Problem description: Only the lines from the start of the data through the line with "Barevná paleta tohoto" belong in the copy. Restate them word for word, minus the pictures.
=== Section Start ===
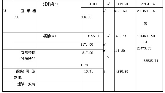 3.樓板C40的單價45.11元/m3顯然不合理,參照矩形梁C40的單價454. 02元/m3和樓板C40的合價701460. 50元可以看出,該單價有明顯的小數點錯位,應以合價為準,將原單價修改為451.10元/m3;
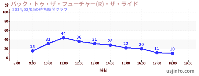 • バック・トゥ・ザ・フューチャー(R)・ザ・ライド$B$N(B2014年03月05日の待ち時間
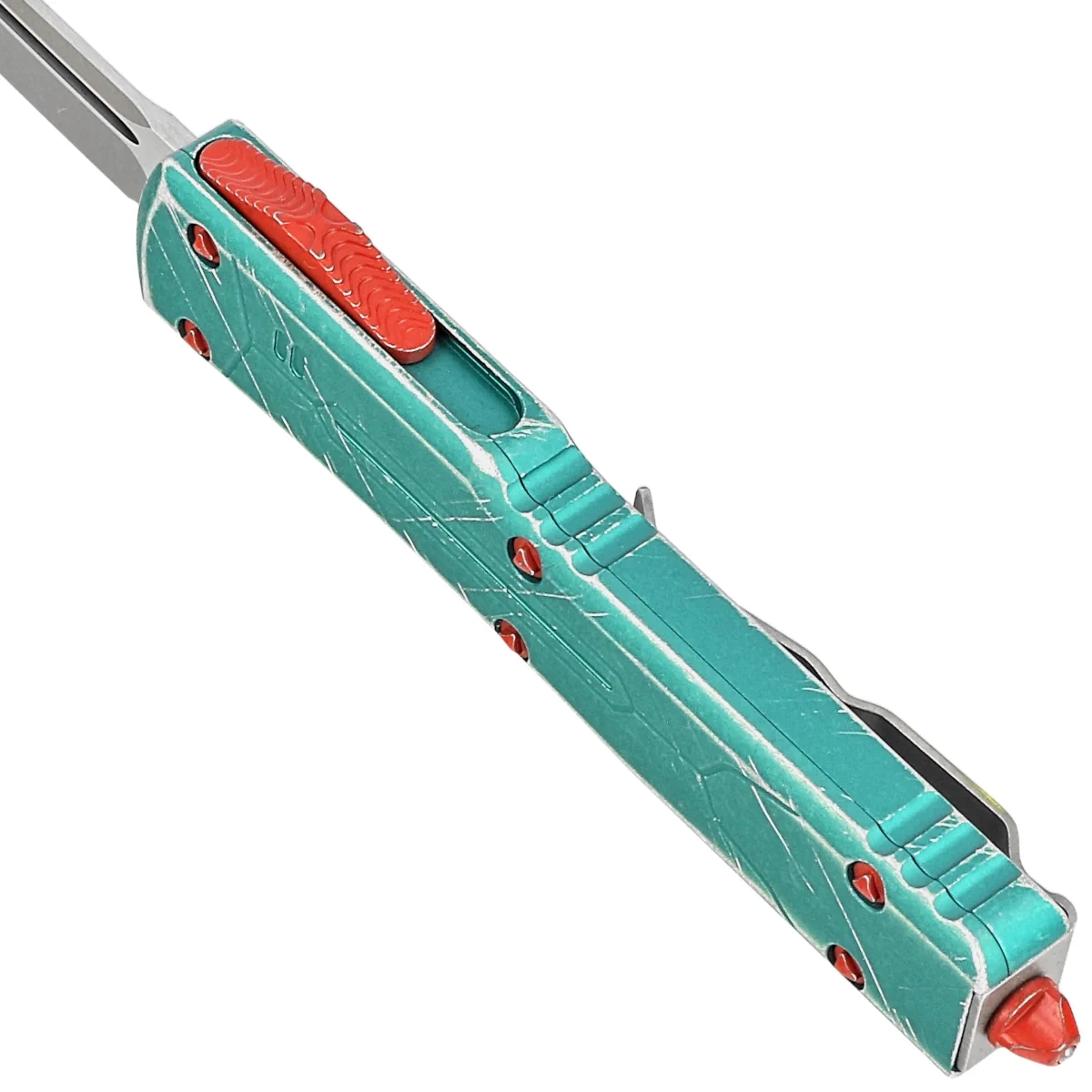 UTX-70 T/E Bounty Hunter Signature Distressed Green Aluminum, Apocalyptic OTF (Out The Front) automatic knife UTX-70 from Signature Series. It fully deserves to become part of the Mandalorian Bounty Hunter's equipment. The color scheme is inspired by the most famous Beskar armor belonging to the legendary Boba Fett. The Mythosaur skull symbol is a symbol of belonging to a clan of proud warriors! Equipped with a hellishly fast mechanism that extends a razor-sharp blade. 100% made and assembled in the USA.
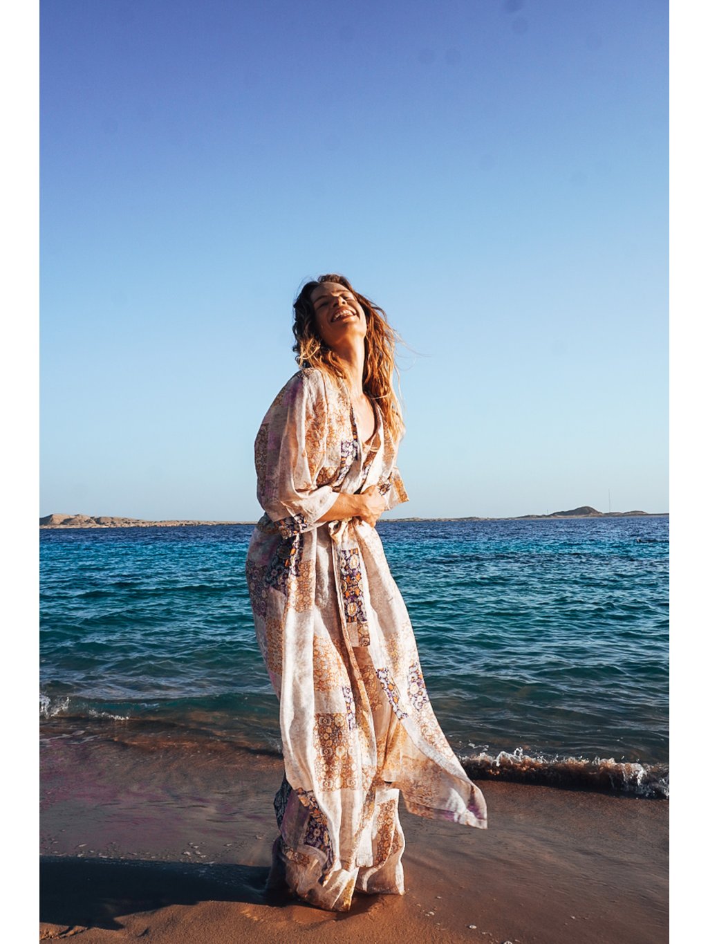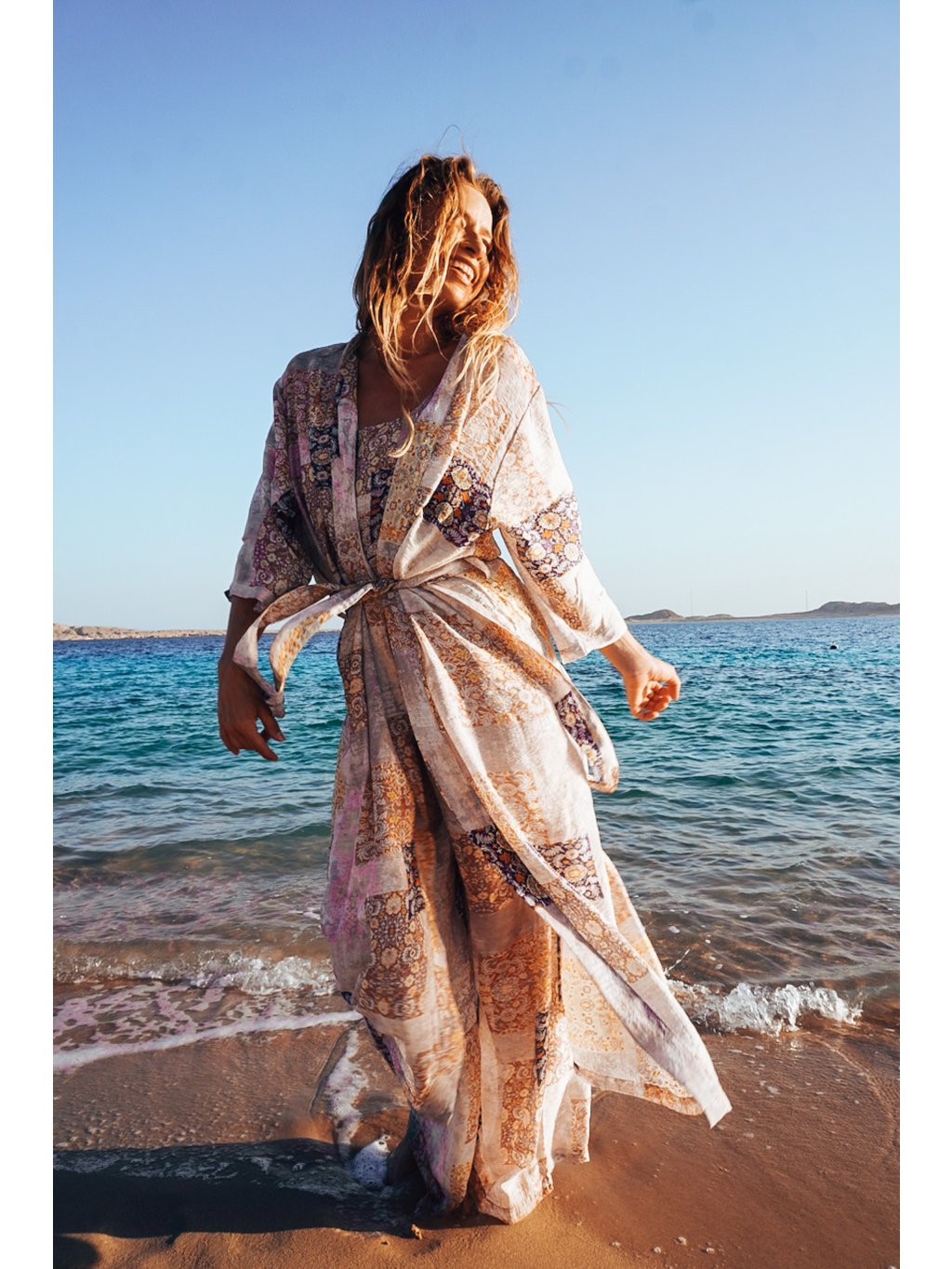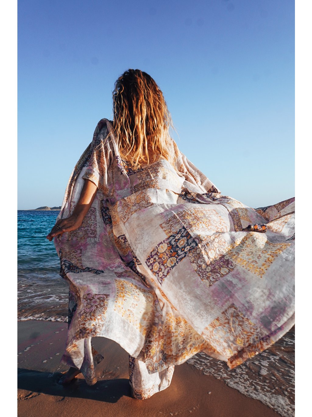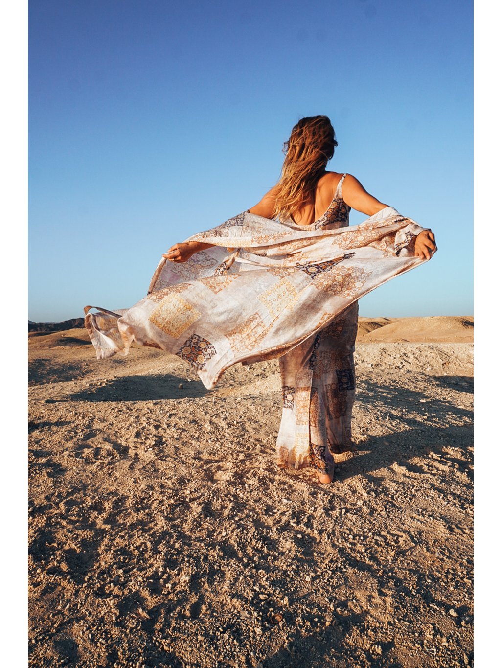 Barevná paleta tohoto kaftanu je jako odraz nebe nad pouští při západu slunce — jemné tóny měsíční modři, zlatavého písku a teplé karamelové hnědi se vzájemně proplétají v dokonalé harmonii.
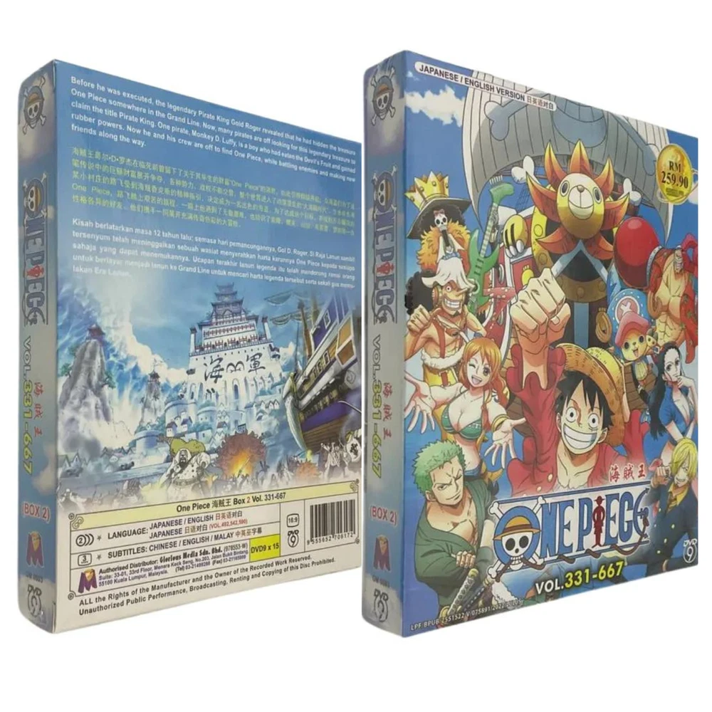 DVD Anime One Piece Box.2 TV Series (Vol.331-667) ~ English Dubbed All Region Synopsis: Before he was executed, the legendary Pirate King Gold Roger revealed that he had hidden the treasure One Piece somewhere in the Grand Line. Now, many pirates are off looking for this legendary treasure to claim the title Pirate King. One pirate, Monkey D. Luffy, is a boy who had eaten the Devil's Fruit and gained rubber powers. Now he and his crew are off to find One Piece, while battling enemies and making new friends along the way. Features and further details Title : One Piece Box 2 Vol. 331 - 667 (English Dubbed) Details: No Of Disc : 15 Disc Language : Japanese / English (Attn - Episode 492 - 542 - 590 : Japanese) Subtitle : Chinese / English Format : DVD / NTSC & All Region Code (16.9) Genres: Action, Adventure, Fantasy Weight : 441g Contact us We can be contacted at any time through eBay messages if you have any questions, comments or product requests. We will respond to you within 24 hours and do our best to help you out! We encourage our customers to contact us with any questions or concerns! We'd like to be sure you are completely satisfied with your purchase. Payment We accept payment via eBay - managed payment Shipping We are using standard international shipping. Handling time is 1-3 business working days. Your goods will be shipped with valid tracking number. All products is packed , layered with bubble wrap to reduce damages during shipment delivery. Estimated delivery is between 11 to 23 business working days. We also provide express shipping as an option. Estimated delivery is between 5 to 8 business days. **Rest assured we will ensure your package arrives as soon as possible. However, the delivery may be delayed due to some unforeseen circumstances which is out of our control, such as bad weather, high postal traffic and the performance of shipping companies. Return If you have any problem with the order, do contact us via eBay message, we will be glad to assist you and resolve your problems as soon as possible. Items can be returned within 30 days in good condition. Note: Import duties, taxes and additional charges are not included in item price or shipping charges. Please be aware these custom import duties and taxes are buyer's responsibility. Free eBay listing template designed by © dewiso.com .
=== Section End ===
Task solution:
 3.樓板C40的單價45.11元/m3顯然不合理,參照矩形梁C40的單價454. 02元/m3和樓板C40的合價701460. 50元可以看出,該單價有明顯的小數點錯位,應以合價為準,將原單價修改為451.10元/m3;
 • バック・トゥ・ザ・フューチャー(R)・ザ・ライド$B$N(B2014年03月05日の待ち時間
 UTX-70 T/E Bounty Hunter Signature Distressed Green Aluminum, Apocalyptic OTF (Out The Front) automatic knife UTX-70 from Signature Series. It fully deserves to become part of the Mandalorian Bounty Hunter's equipment. The color scheme is inspired by the most famous Beskar armor belonging to the legendary Boba Fett. The Mythosaur skull symbol is a symbol of belonging to a clan of proud warriors! Equipped with a hellishly fast mechanism that extends a razor-sharp blade. 100% made and assembled in the USA.
 Barevná paleta tohoto kaftanu je jako odraz nebe nad pouští při západu slunce — jemné tóny měsíční modři, zlatavého písku a teplé karamelové hnědi se vzájemně proplétají v dokonalé harmonii.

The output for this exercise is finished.